Measuring anisotropic resistivity of single crystals using the van der Pauw technique

Kasper A. Borup, Karl F F Fischer, David R. Brown, G. Jeffrey Snyder, Bo B. Iversen

Research output: Contribution to journalArticlepeer-review

15 Scopus citations

Abstract

Anisotropy in properties of materials is important in materials science and solid-state physics. Measurement of the full resistivity tensor of crystals using the standard four-point method with bar shaped samples requires many measurements and may be inaccurate due to misalignment of the bars along crystallographic directions. Here an approach to extracting the resistivity tensor using van der Pauw measurements is presented. This reduces the number of required measurements. The theory of the van der Pauw method is extended to extract the tensor from parallelogram shaped samples with known geometry. Methods to extract the tensor for both known and unknown principal axis orientation are presented for broad applicability to single crystals.

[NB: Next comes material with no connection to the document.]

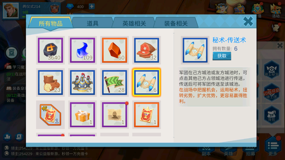 2、秘术—传送术:每一局传送术的使用次数都是有限制的,因此最好在路程较远时,或者是关键时刻使用。

Numerical simulations of errors are presented to quantify error sources. Several benchmark experiments are performed on isotropic graphite samples to verify the internal consistency of the developed theory, test experimental precision, and characterize error sources. The presented methods are applied to a RuSb2 single crystal at room temperature and the results are discussed based on the error source analysis. Temperature resolved resistivities along the a and b directions are finally reported and briefly discussed.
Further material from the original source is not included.